В этот момент его ослепила ярость, подогреваемая резкой болью. Он взглянул на порванные снимки, на простыни – их с Джини оскверненное прошлое. На это ему потребовалось секунд тридцать, а то и меньше. После этого он развернулся и изо всех сил ударил Хантера.

Силы были неравны. Хантер был тяжелее и медлительнее Паскаля. Француз был более подвижным, сильным, молодым и находился в лучшей форме. Хантер когда-то выступал на ринге за Гарвард, однако Паскаль вырос в маленькой деревушке, где в драках не признавались никакие правила. Он наугад влепил удар в глаз Хантеру, второй удар пришелся в живот. Хантер сделал попытку вцепиться в противника. Он зарычал, развел в стороны руки и навалился на Паскаля всем своим весом. Паскаль ударил его снова. Хантер схватил француза за горло.

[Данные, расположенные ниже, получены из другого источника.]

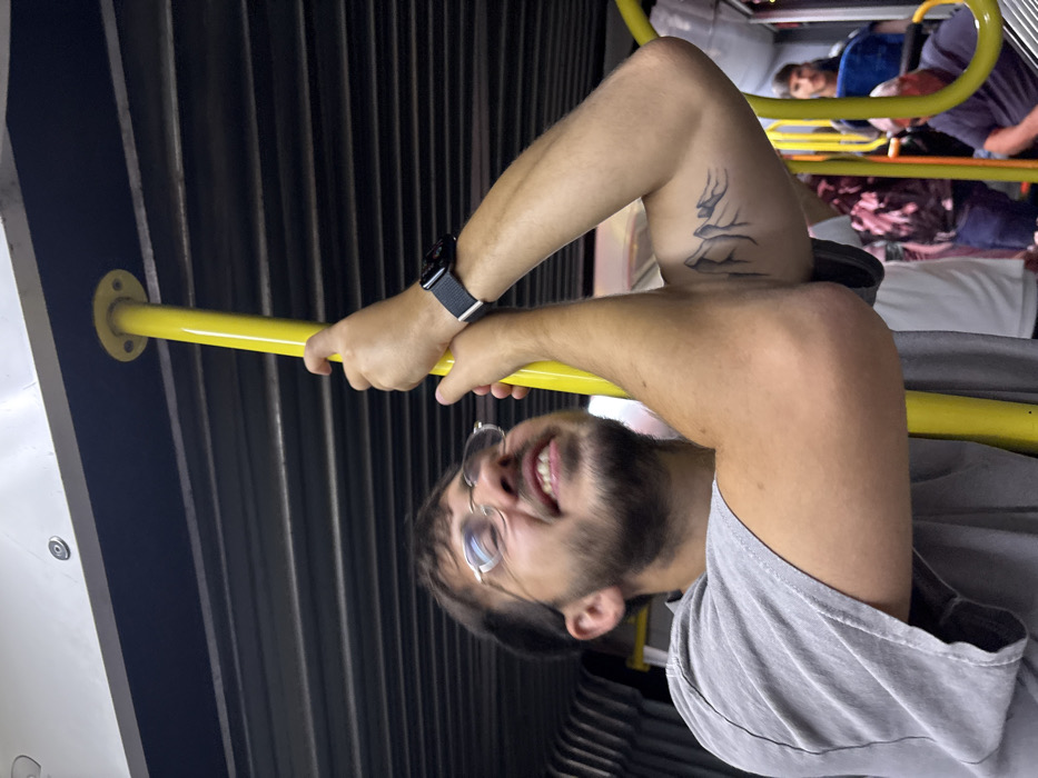 A young adult male, with a beard and eyeglasses, wears a grey t-shirt and holds a bright yellow vertical pole with both hands. He exhibits a broad smile with visible upper teeth, and his eyes appear closed or squinting as he looks upwards and to his right. A black smartwatch is present on his left wrist, and a black mountain range tattoo is visible on his upper left arm. The immediate environment is the interior of a public transport vehicle, characterized by dark, horizontally ribbed panels on the walls/ceiling and lighter panels above. In the background, other passengers are partially visible, including a male figure in a dark shirt looking towards the camera, and additional yellow poles and blue seating elements. This scene is set within a public transport vehicle at Ben-Gurion Airport, Israel.
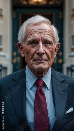 Caucasian elderly guy politician outside government office background
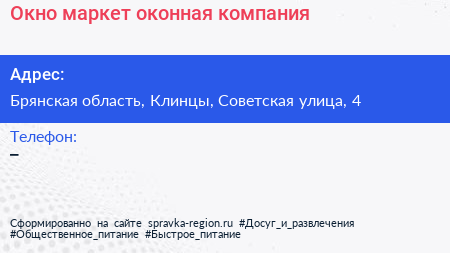 Окно маркет, оконная компания по адресу Брянская область, Клинцы, Советская улица, 4 в дальнейшем Организация, размещена в следующих категориях:
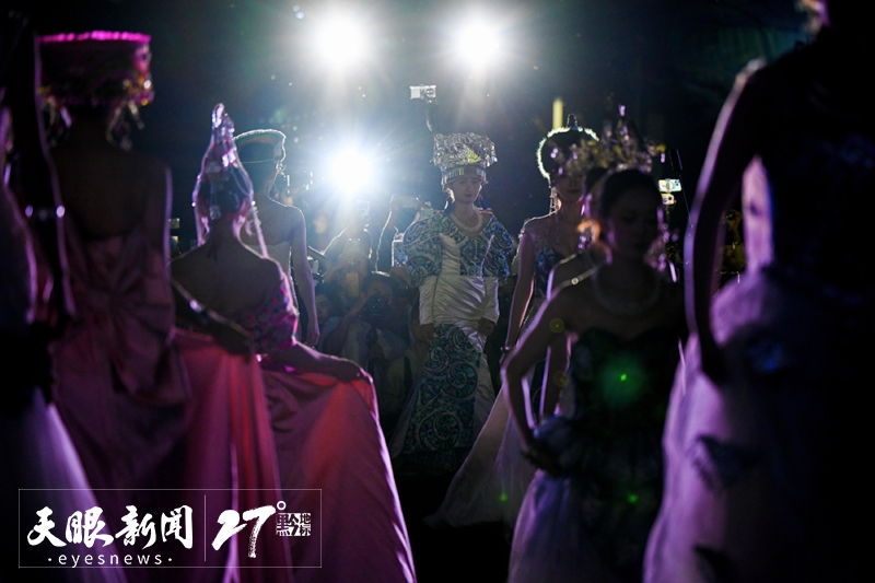 去年7月,楊春林和母親回到凱里。在黔東南州建州68周年的當(dāng)天,他邀請父老鄉(xiāng)親以農(nóng)具為道具、以傳統(tǒng)服飾為媒介,集體演繹一場非遺時裝大秀為故鄉(xiāng)“慶生”,成為了如今貴州“村T”的初舞臺。
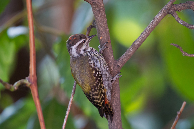 The back is still immature grey-brown, unlike the adults golden-green back (the species was formerly called Golden-backed Woodpecker!)
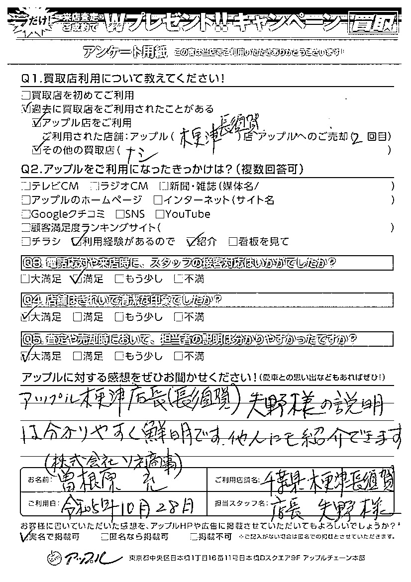 アップル木更津店長(長須賀)矢野様の説明は分かりやすく鮮明です。
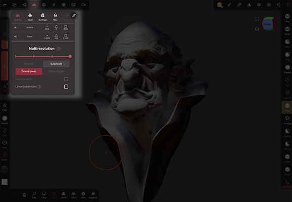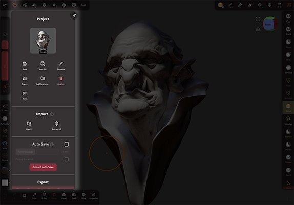 En Nomad Sculpt, un nuevo proyecto comienza con una esfera en la pantalla. Basta con simplemente arrastrar el lápiz sobre ella para arrancar la laboriosa tarea de esculpir. El programa activa por defecto la simetría para facilitar el proceso, aunque esta función puede desactivarse si se prefiere trabajar de forma más libre y orgánica. El programa incluye una generosa variedad de herramientas. De manera predeterminada, Nomad Sculpt trabaja con Clay, una función que añade material a la superficie como si se estuviera modelando con arcilla real. Además, la aplicación permite trabajar la figura con Crease, a partir de hendiduras en la figura, Trim, recortando la pieza, Smooth, para suavizarla o Mask (enmascarado). Estas herramientas son personalizables: es posible ajustar texturas, grados de presión, y más variables que se adaptan a las necesidades de cada proyecto y permiten una gran libertad creativa, tanto para trabajar con formas abstractas como para lograr resultados con más detalles en figuras anatómicas.
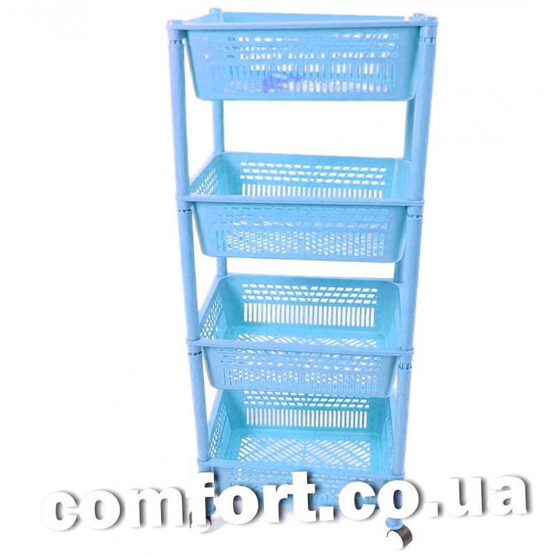 Полочку этажерку используют для хранения овощей, фруктов, банных аксессуаров, детских принадлежностей и других необходимых мелочей. Органайзер для хранения имеет устойчивую конструкцию, при необходимости можно легко перемещать по дому. Универсальная этажерка компактная и вместительная, имеет четыре полочки с перфорированными стенками, изготовлена из цветной качественной пластмассы.
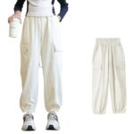[chickiddos] キッズ 長ズボン カーゴパンツ 女の子 男の子 ロングパンツ ジュニア カジュアル 無地 通気 柔軟 速乾 薄手 スポーツウェア ダンスズボン ひんやり 涼しい 接触冷感 春夏秋 無地 白 130 高価買取中

Паскаль резко ударил его по шее и тут же нанес еще один удар по ребрам. Хантер задохнулся, рухнул на колени и скорчился, хватая ртом воздух. По его лицу текла кровь. Он тяжело поднялся на ноги и, шатаясь, побрел к двери. У двери он остановился, пытаясь отдышаться и размазывая кровь по рубашке.

– Ты, кусок дерьма, срань поганая! Подожди у меня, я еще до тебя доберусь!

И, конечно же, он выполнил свое обещание. После этого Паскаль видел Джини только один раз, на следующее утро в отеле «Ледуайен». Она молча присутствовала при разговоре отца с Паскалем. Он длился всего полчаса, но о его последствиях Паскалю не хотелось вспоминать даже сейчас, двенадцать лет спустя. В полдень Джини уже сидела в самолете, покидая Бейрут в сопровождении Хантера.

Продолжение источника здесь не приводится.